Memory Architecture

May 30, 2026

Memory Architecture, Working Memory Management & Summarization in Agentic AI Systems

1. Memory Architecture

The Four Memory Stores

Every production agentic system needs to think across four distinct memory layers, each with a different scope, latency, and persistence characteristic:

┌────────────────────────────────────────────────────────────┐
│                   AGENT MEMORY ARCHITECTURE                │
├─────────────────┬───────────────┬────────────┬─────────────┤
│   IN-CONTEXT    │   EXTERNAL    │  EPISODIC  │  SEMANTIC   │
│  (Working Mem)  │  (Long-Term)  │  (Events)  │  (Facts)    │
├─────────────────┼───────────────┼────────────┼─────────────┤
│ Context window  │ Vector DB /   │ Event log  │ Knowledge   │
│ Token budget    │ PostgreSQL    │ Session DB │ Base / RAG  │
│ Current turn    │ Redis cache   │ Timelines  │ Embeddings  │
├─────────────────┼───────────────┼────────────┼─────────────┤
│ Fastest         │ Fast          │ Moderate   │ Moderate    │
│ Most expensive  │ Cheap         │ Cheap      │ Cheap       │
│ Volatile        │ Persistent    │ Persistent │ Persistent  │
└─────────────────┴───────────────┴────────────┴─────────────┘

In-Context (Working Memory) The LLM’s context window at any given moment. Everything the model “knows” for this inference call. The most constrained and expensive resource in the system.

External / Long-Term Memory Persisted outside the model — vector stores, relational DBs, key-value caches. Accessed via retrieval (RAG, tool calls). Effectively unbounded in size.

Episodic Memory A log of what happened — past agent runs, tool call sequences, user interactions, outcomes. Enables the agent to reason about its own history. Typically stored as structured event records.
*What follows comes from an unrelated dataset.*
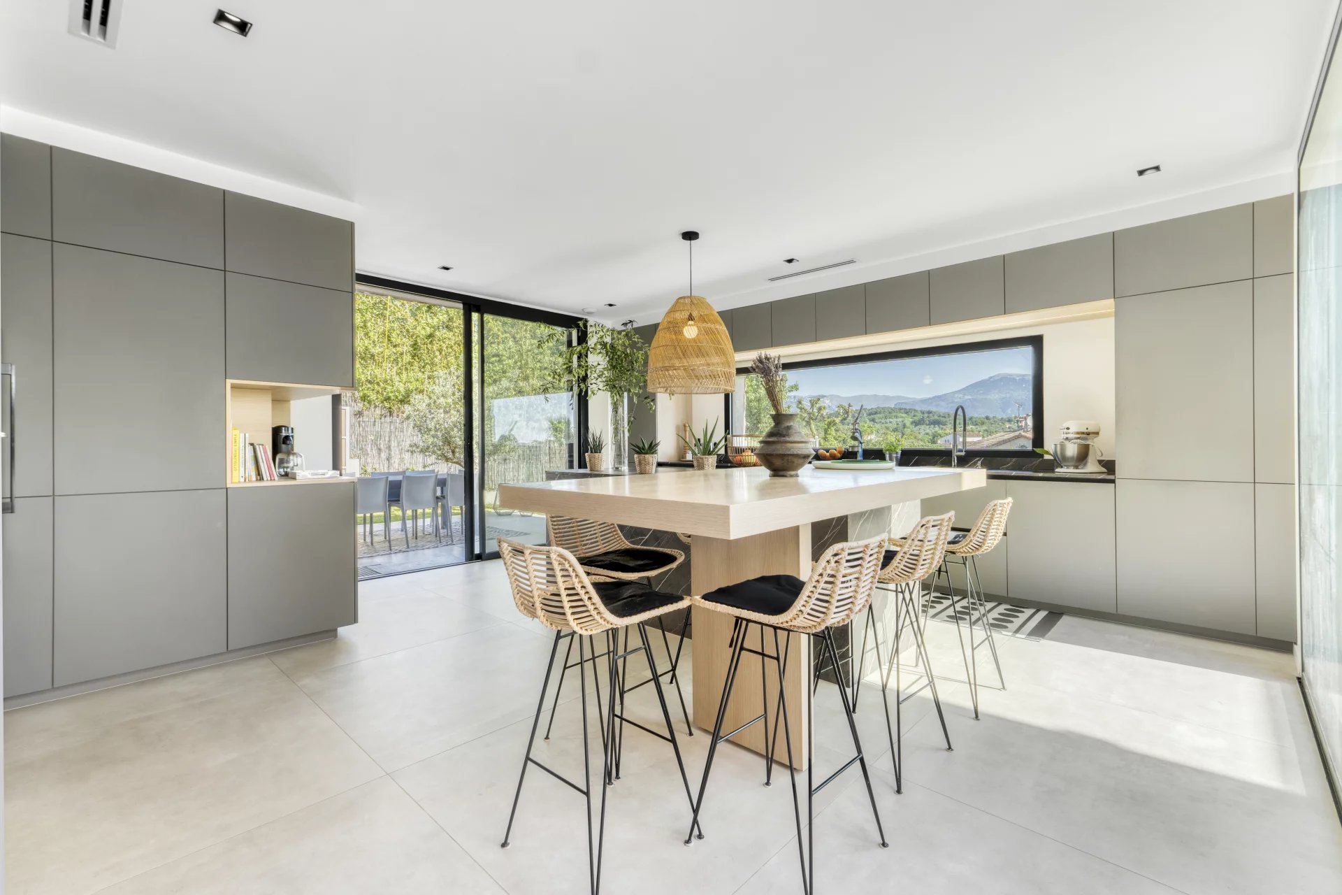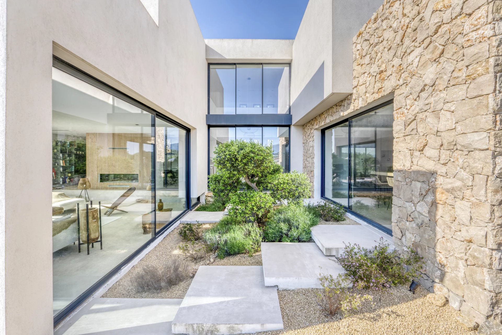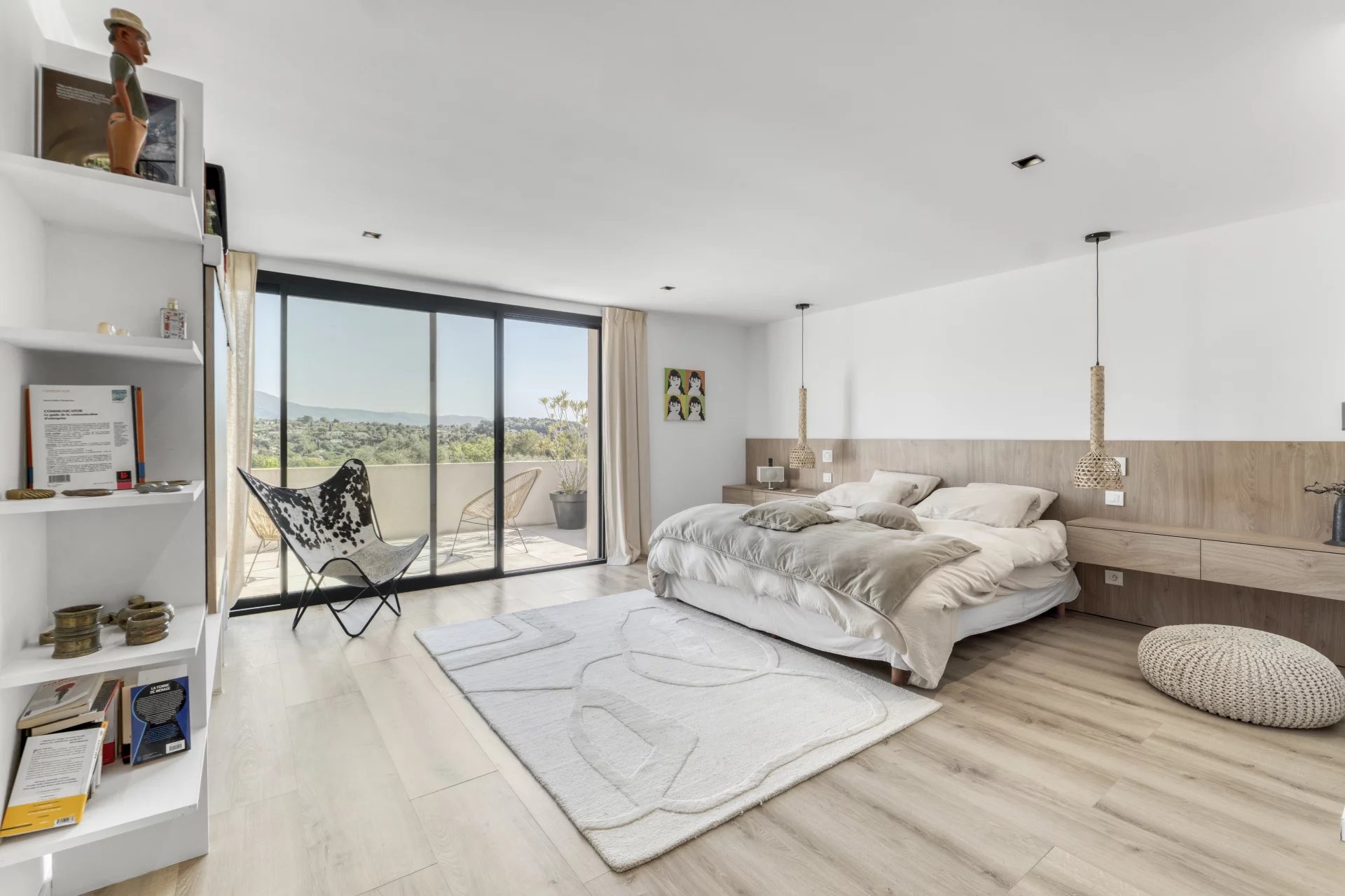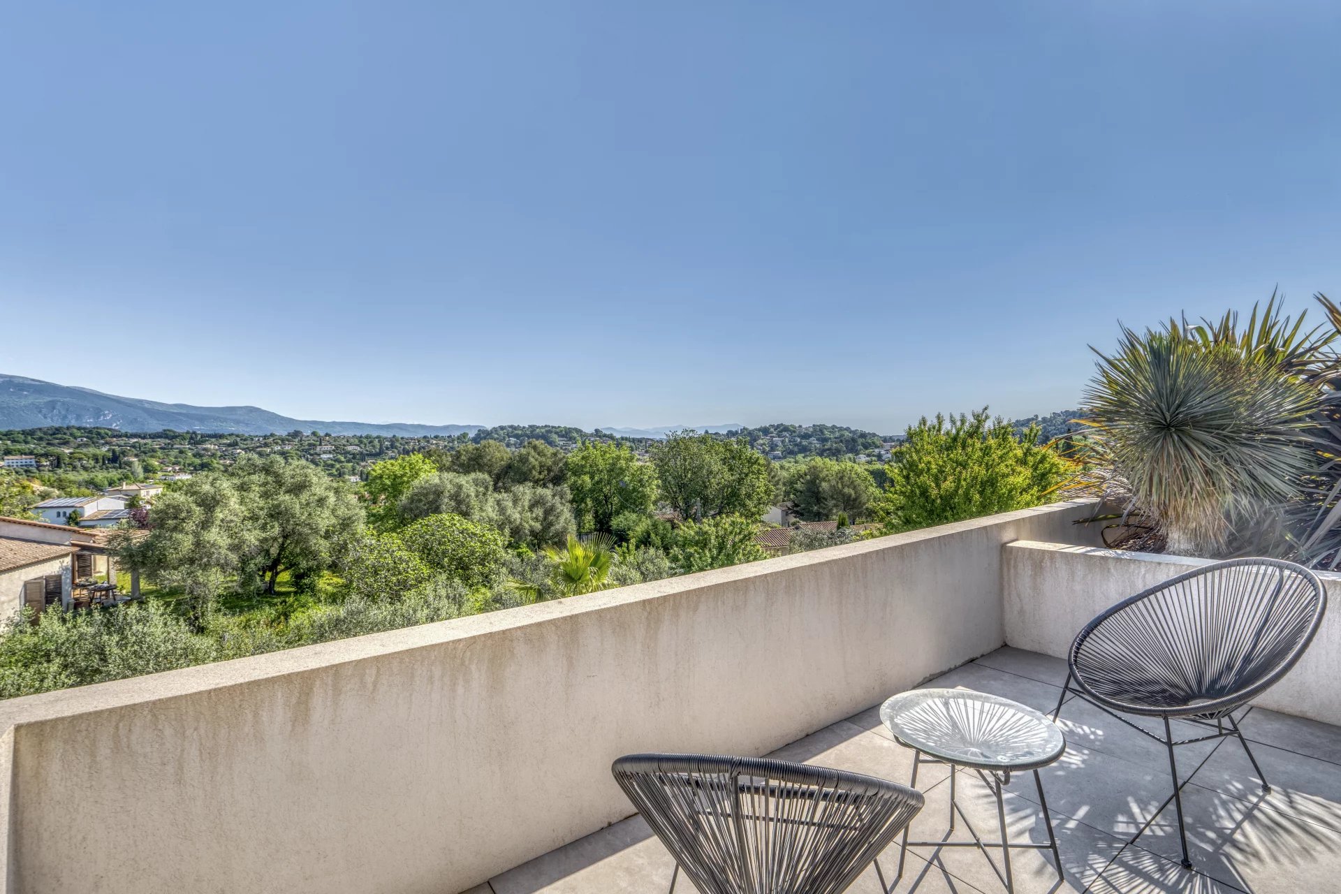 Located just a few minutes’ walk from the village of Valbonne, this contemporary villa offers approximately 300 m² of living space on a 1,545 m² plot. It enjoys open views of the surrounding hills.

Semantic Memory Factual world knowledge — domain documents, ontologies, reference data. The corpus your RAG pipeline retrieves from. Static or slowly updated.

Memory Access Patterns

Agent Turn N
     │
     ├── Retrieve from Semantic Memory (RAG)      → inject into context
     ├── Retrieve from Episodic Memory (past runs) → inject summary
     ├── Read from External KV store (user prefs)  → inject as system block
     │
     ▼
  LLM Inference  ←── Working Memory (context window)
     │
     ├── Write tool outputs → External store
     ├── Write turn summary → Episodic store
     └── Update user state  → External KV

Choosing the Right Store

What you need to remember	Store
Current task state, tool results this turn	In-context (working memory)
User preferences, persistent profile	External KV (Redis / PostgreSQL)
What happened in past sessions	Episodic DB (PostgreSQL event log)
Domain knowledge, documents	Semantic store (vector DB / pgvector)
Frequently accessed reference data	Cache layer (Redis, in-memory)

2. Working Memory Management and Budgeting

Working memory is the context window — the single most constrained resource in any agentic system. Poor management leads to context overflow, silent truncation, and degraded reasoning quality well before the hard limit is hit.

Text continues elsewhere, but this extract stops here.